“When an almond tree became covered with blossoms in the heart of winter, all the trees around it began to jeer. 'What vanity,' they screamed, 'what insolence! Just think, it believes it can bring spring in this way!' The flowers of the almond tree blushed for shame. 'Forgive me, my sisters,' said the tree. 'I swear I did not want to blossom, but suddenly I felt a warm springtime breeze in my heart.” ~ Nikos Kazantzakis, Saint Francis, 1956
The almond fruit isn’t actually a nut but a drupe. The part we eat is the kernel, or seed, inside the elongated stone (shell). The United States (California), Spain, and Australia are prime suppliers of almonds. Almonds need very hot weather and cool winters to grow and are reliant on wild and domesticated honey bees for crop pollination. In California, almond growers often rent bees to accomplish this! Beekeepers as far away as Florida transport billions of bees to the Central Valley in California to assist with almond growing season.
By designer Carol A.L. Martin, this tartan reflects the colors of a young almond bush.

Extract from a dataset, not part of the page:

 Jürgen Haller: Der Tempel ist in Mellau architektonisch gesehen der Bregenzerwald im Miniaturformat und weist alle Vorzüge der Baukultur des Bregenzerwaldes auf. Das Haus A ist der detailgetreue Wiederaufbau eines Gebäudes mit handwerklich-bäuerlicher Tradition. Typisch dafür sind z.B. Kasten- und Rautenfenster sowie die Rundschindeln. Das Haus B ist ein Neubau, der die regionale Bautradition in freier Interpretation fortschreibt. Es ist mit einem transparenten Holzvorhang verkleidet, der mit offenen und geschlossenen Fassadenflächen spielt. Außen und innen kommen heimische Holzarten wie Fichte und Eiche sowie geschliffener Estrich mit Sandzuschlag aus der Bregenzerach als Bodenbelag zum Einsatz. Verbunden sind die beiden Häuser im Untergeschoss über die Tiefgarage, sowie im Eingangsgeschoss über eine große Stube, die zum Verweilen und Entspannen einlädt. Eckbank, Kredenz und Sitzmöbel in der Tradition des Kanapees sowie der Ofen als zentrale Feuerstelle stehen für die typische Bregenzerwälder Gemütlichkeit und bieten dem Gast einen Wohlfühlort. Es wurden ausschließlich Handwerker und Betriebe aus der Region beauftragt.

Native to the Mediterranean climate region of the Middle East, it was spread by humans in ancient times along the shores of the Mediterranean into northern Africa and southern Europe, and more recently transported to other parts of the world, notably California, United States.

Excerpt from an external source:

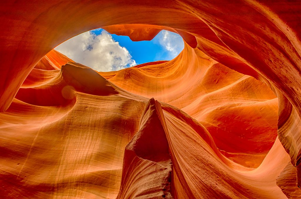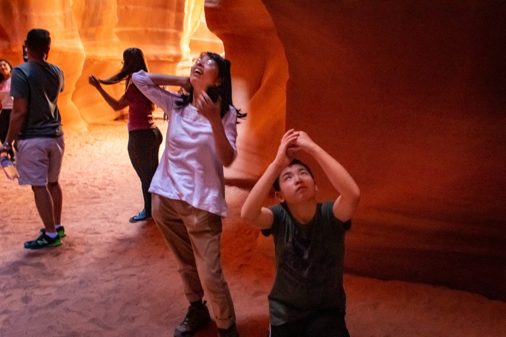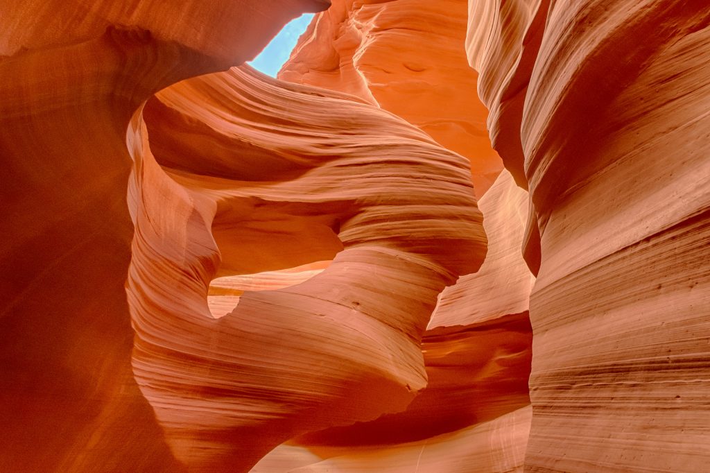 大峡谷宏伟壮观,适合居高临下远眺,离大峡谷南缘不远处的佩吉有一个小巧的峡谷,叫羚羊谷(Antilope Canyon),则优美奇异,需要置身其中才能欣赏到她的魅力。羚羊谷分上下两谷,都限制参观人数,所以门票需要预定,一般需要一两个月的提前量,旺季票和正午的门票更加紧张。

The pollination of California's almonds is the largest annual managed pollination event in the world, with close to one million hives (nearly half of all beehives in the USA) being trucked in February to the almond groves. Much of the pollination is managed by pollination brokers, who contract with migratory beekeepers from at least 49 states for the event.
Greek mythology tells a tragic love story about the creation of the almond tree. It begins when Phyllis, a beautiful daughter of a king of Thrace who fell in love with Demophon of Athens, the son of Theseus, as he traveled though Thrace on his return from the Trojan War.
After a period of happiness, Demophon, duty bound to Greece, returned home to help his father, leaving Phyllis behind and forgetting her. Phyllis waited hopelessly for many years for his return, and eventually, forlorn and heart-broken, died of a broken heart. Out of pity, the gods transformed Phyllis into the almond tree. When the errant and remorseful Demophon returned, he found the Phyllis tree, naked without leaves and flowers. Desperately, he hugged the tree, which suddenly flooded with flowers, showing that love cannot be defeated by death.